Birthing A Whizzer Is Just As Exciting As Popping Out A Baby












































By Al Blum and Ray Spangler



A Whizzer project is more fun than a baby because your friends get to watch you getting it started. Making this little scarlet bruiser was a group affair. I barely controlled my lust for the board track Whizzer racer that Ricky-The-Striper bagged upon its completion at Al’s garage. I pined away until everyone’s kind sir, George Monty, held up an antique Izetta spring-activated girder fork and said: “Look at what I got”. I was wet with Whizzer picnic rain but I could still see through the drips. Soggy money changed hands. It wasn’t exactly an orgasmic pulse that tingled through me, but it was in the same neighborhood. I cradled the spring loaded, pump-action beauty like a newborn fawn as I showed it to Al. It needed to have a Whizzer attached to it that was worthy of this once-in-a-lifetime jewel.

In 1950, Georgie went to Italy with his family as a seventh grader and saw a moped fork that would make his three-speed Indian bicycle look like a flat track racer. His father was an Indian motorcycle dealer and also sold the now rare, Indian bikes from Europe. The local cousins were mobilized for a frantic search of the local war-torn junkyards. The grinning relatives handed George his iron dream as they said: bon voyage", using many appropriate hand gestures. Orgasmo! Georgie held it out in front of him by the fork legs and became a lifelong peddler of pedals, spoked wheels and rare bicycle pieces. We are all thankful for that.

Back at the eat-off-the-lathe garage, a straight bar was cut, bent and brazed. A thick fake bicycle “gas” tank was modified into a real tank, with functioning orifices. A fender was bobbed and rims were dimpled. As quick as you can blurt out, “Who choked my chicken?”, the whole assembly was sandblasted and powder coated in a slick covering of blood red paint. 1973 was the year that I met my long-suffering wife.

Chrome rims can be powder coated any color so why not the color of the bike? The red stand is pin striped to match the bike. The bike is decorated in the S 10 “box” style striping that seems to be our favorite in the land of Abe. This will one of three bikes I will take to World Of Wheels  March 6-8 and it had better win first place. We average four new members from this show. I post each new bike on The CABE .Com website with our newsletter’s information.  Since the victimized people of Illinois can buy Marijuana, we have become Jamaica.  I bought a video surveillance system.  We need this because we and Harley Davidson are the only two motorcycle manufacturers in the USA.

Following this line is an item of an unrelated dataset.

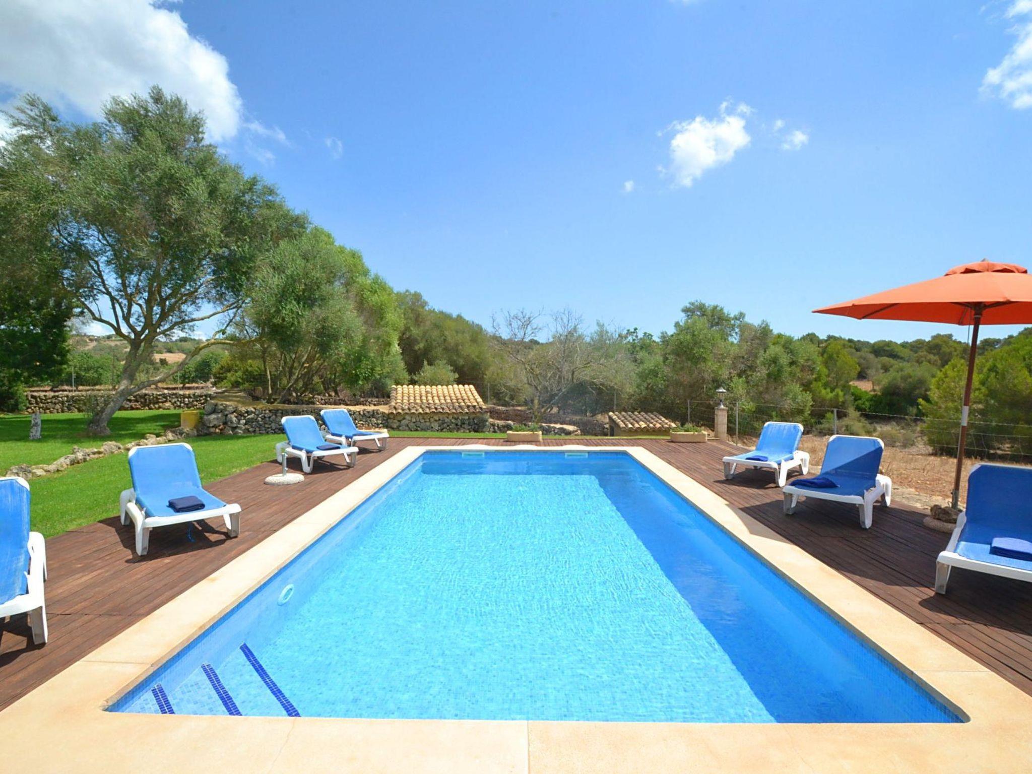 Manacor: Cosy, comfortable house "Mascaro", built in 2006, surrounded by trees and fields. On the outskirts Manacor, in a quiet position, in the countryside. Private: property (fenced), lawn for sunbathing, beautiful garden to relax, swimming pool (9 x 4 m, seasonal availability: 01.Mar. - 30.Oct.). Outdoor shower, patio, pergola, garden furniture, barbecue. In the house: internet access, WiFi, air conditioning, washing machine. Parking on the premises. Shop 4 km, grocery 4 km, supermarket 4 km, restaurant 4 km, bus stop "Manacor" 9 km, railway station "Manacor" 9 km, sandy beach 4 km. Please note: car recommended. Suitable for families, suitable for seniors baby equipment (included). The owner does not accept any youth groups. Loading and unloading of baggage is possible at the holiday house. Airfield 48 km from the property.
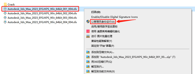 2、打開(kāi)文件夾到這個(gè)界面,鼠標(biāo)右鍵【Autodesk_3ds_Max_2023_EFGJKPS_Win_64bit_001_004.sfx】,選擇【以管理員身份運(yùn)行】。

The brave little racer has several proud papas: Joe, Bobby, George, Al, Ray, Ricky-The-Striper, Boris and Tommy The-Ham-Vacuuming-Mutt. Fantastico! the world’s only Roman-nosed Whizzer.





Sorry, must dash,



                                                 Too-da-loo


----------



## Boris (Mar 2, 2020)

That is really dazzling Ray!!!! And I'd say that even if it didn't have one o' my custom reflectors on that really cool girder fork. That is one of mine, isn't it?


----------



## redline1968 (Mar 2, 2020)

Wow.....excelent


----------



## Goldenrod (Mar 2, 2020)

Boris said:


> That is really dazzling Ray!!!! And I'd say that even if it didn't have one' my custom reflectors on that really cool girder fork. That is one of mine, isn't it?



I will make you also a daddy in the edit, just before the dog.


----------



## Boris (Mar 2, 2020)

Goldenrod said:


> I will make you also a daddy in the edit, just before the dog.




WAAAAAAAAY too much credit.
More like ".......and Boris was also present at the baby shower."


----------